La tensión entre Fran y Ramiro se podía cortar prácticamente con tijeras. Nerea observó la situación y se paró en Stephanie. Su cara parecía esperar el siguiente acto de una obra de teatro. No sabía si llevarse a la recién llegada o interponerse en la discusión, aunque más por vergüenza ajena que por protegerla, en realidad.
Optó por una versión intermedia: llevarse a Ramiro.
Stephanie comprendió el rol y se propuso calmar a su chico.
—No conozco a Madalena, pero has herido a Ramiro.
—Y espero que no la tengas que conocer, es una sanguijuela con disfraz de actriz porno.
—¿Ramiro es tu amigo?
Fran tardó en responder, pero no por dudar, sino por orgullo.
—Sí.
—Yo no tengo amigas desde New Orleans como tú tienes a Ramiro.
—¿Y en París?
—Compañeras. Todas veníamos de lejos.
—No me gusta que no se quiera. Siempre se compara conmigo y yo solo soy un hombre normal, que intenta hacer las cosas bien.
—Eso es bueno, Fran.
—Pero yo soy un cobarde, Fani, y un abogado que no sale de los libros. No me gustan las peleas, soy muy tímido y soy muy crédulo con todo el mundo.

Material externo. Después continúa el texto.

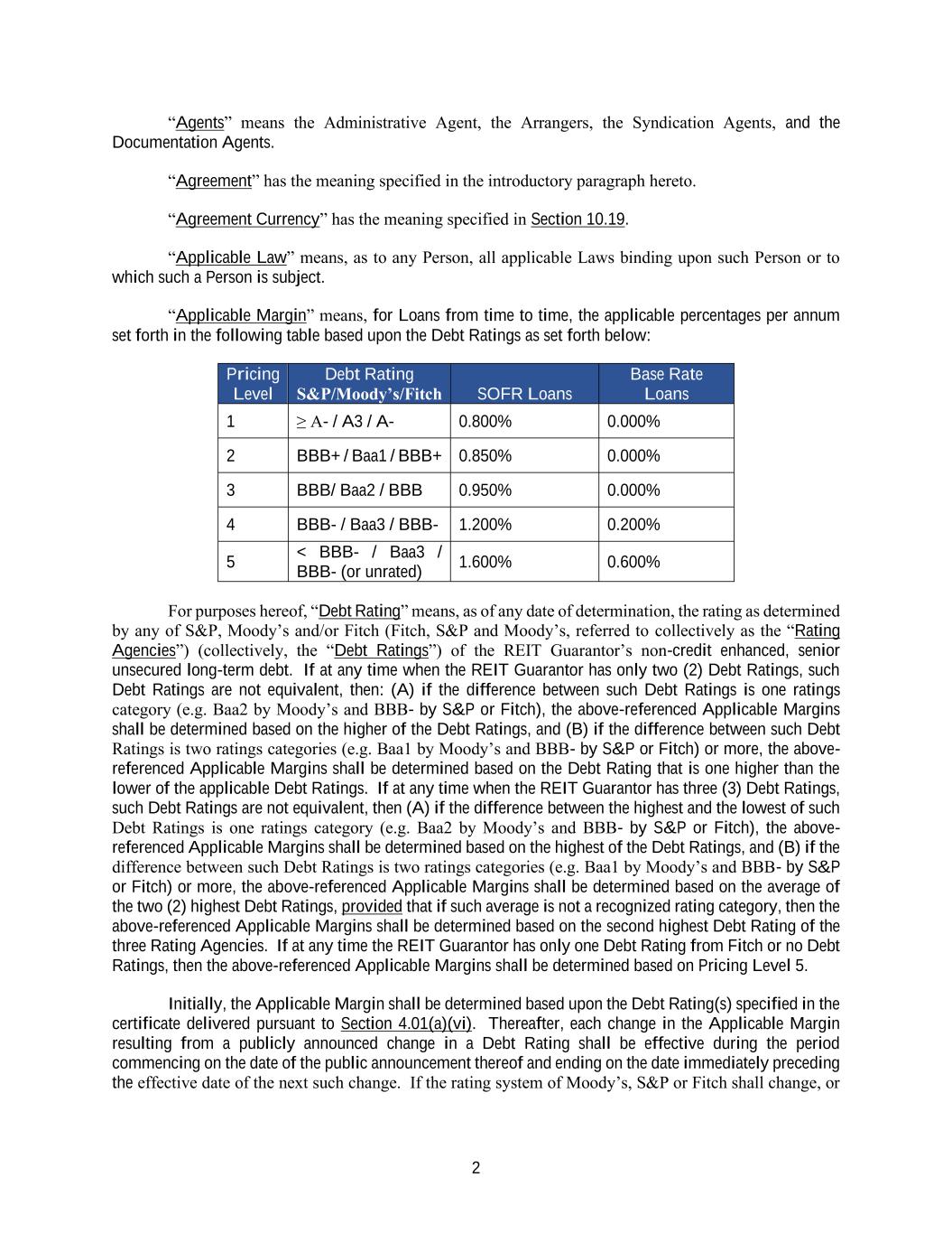 2 “Agents” means the Administrative Agent, the Arrangers, the Syndication Agents, and the Documentation Agents. “Agreement” has the meaning specified in the introductory paragraph hereto. “Agreement Currency” has the meaning specified in Section 10.19. “Applicable Law” means, as to any Person, all applicable Laws binding upon such Person or to which such a Person is subject. “Applicable Margin” means, for Loans from time to time, the applicable percentages per annum set forth in the following table based upon the Debt Ratings as set forth below: Pricing Level Debt Rating S&P/Moody’s/Fitch SOFR Loans Base Rate Loans 1 ≥ A- / A3 / A- 0.800% 0.000% 2 BBB+ / Baa1 / BBB+ 0.850% 0.000% 3 BBB/ Baa2 / BBB 0.950% 0.000% 4 BBB- / Baa3 / BBB- 1.200% 0.200% 5 < BBB- / Baa3 / BBB- (or unrated) 1.600% 0.600% For purposes hereof, “Debt Rating” means, as of any date of determination, the rating as determined by any of S&P, Moody’s and/or Fitch (Fitch, S&P and Moody’s, referred to collectively as the “Rating Agencies”) (collectively, the “Debt Ratings”) of the REIT Guarantor’s non-credit enhanced, senior unsecured long-term debt. If at any time when the REIT Guarantor has only two (2) Debt Ratings, such Debt Ratings are not equivalent, then: (A) if the difference between such Debt Ratings is one ratings category (e.g. Baa2 by Moody’s and BBB- by S&P or Fitch), the above-referenced Applicable Margins shall be determined based on the higher of the Debt Ratings, and (B) if the difference between such Debt Ratings is two ratings categories (e.g. Baa1 by Moody’s and BBB- by S&P or Fitch) or more, the above- referenced Applicable Margins shall be determined based on the Debt Rating that is one higher than the lower of the applicable Debt Ratings. If at any time when the REIT Guarantor has three (3) Debt Ratings, such Debt Ratings are not equivalent, then (A) if the difference between the highest and the lowest of such Debt Ratings is one ratings category (e.g. Baa2 by Moody’s and BBB- by S&P or Fitch), the above- referenced Applicable Margins shall be determined based on the highest of the Debt Ratings, and (B) if the difference between such Debt Ratings is two ratings categories (e.g. Baa1 by Moody’s and BBB- by S&P or Fitch) or more, the above-referenced Applicable Margins shall be determined based on the average of the two (2) highest Debt Ratings, provided that if such average is not a recognized rating category, then the above-referenced Applicable Margins shall be determined based on the second highest Debt Rating of the three Rating Agencies. If at any time the REIT Guarantor has only one Debt Rating from Fitch or no Debt Ratings, then the above-referenced Applicable Margins shall be determined based on Pricing Level 5. Initially, the Applicable Margin shall be determined based upon the Debt Rating(s) specified in the certificate delivered pursuant to Section 4.01(a)(vi). Thereafter, each change in the Applicable Margin resulting from a publicly announced change in a Debt Rating shall be effective during the period commencing on the date of the public announcement thereof and ending on the date immediately preceding the effective date of the next such change. If the rating system of Moody’s, S&P or Fitch shall change, or
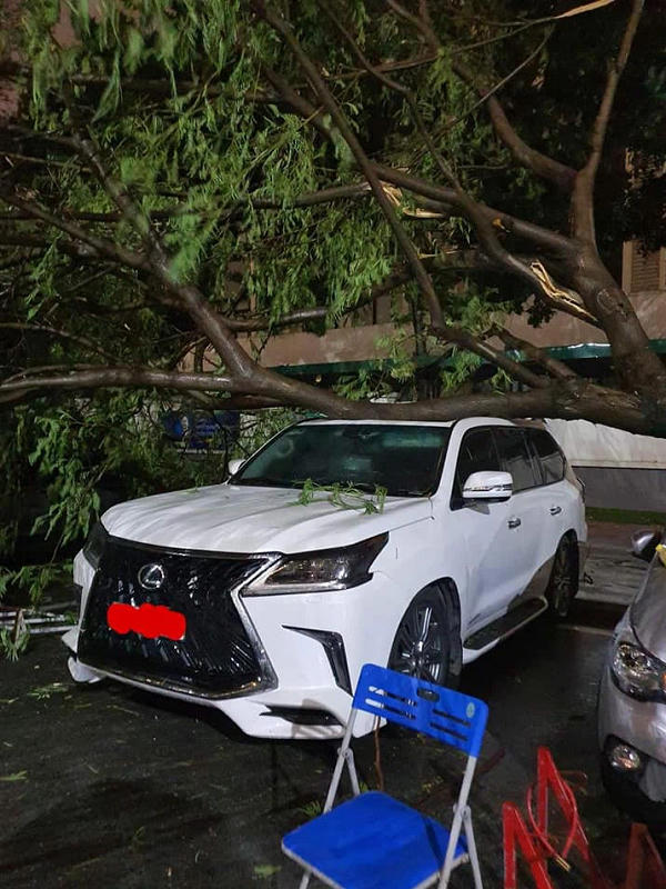 Hy hữu màn đỡ cây đổ đầy xót xa trong đêm mưa lớn tại Hà Nội: Lexus LX 570 giá chục tỷ bẹp rúm nóc xe

—Y eres solo mío. —Stephanie le besó dulcemente.
Fran se dejó llevar una vez más.
Por su parte, Ramiro cada vez era más consciente de su propia debilidad hacia Nerea, y por eso su ira hacía disminuir su autoestima cuando estaba con la pareja de hermanos. Para Ramiro, la solución era clara: si a ella no la veía, con Francisco podía convivir perfectamente.
—Ramiro, mírame. ¿Por qué eres siempre tan cruel con Fran?
—¿No se da cuenta, de que siendo así, solo consigue que las mujeres nos comparen siempre con él?
—¡Para el carro, Ramiro! —Nerea se puso seria—. ¿Tú te crees en serio que mi hermano es perfecto?
—¿No?
—¡Es mi hermano, y tu compañero de piso y mejor amigo! ¿No te has dado cuenta de su ínfima iniciativa, o lo fácil de engañar que es?
Ramiro la miró, y supo el motivo de su propia vulnerabilidad, tenía idealizados a los hermanos Francisco y Nerea Gómez Lara.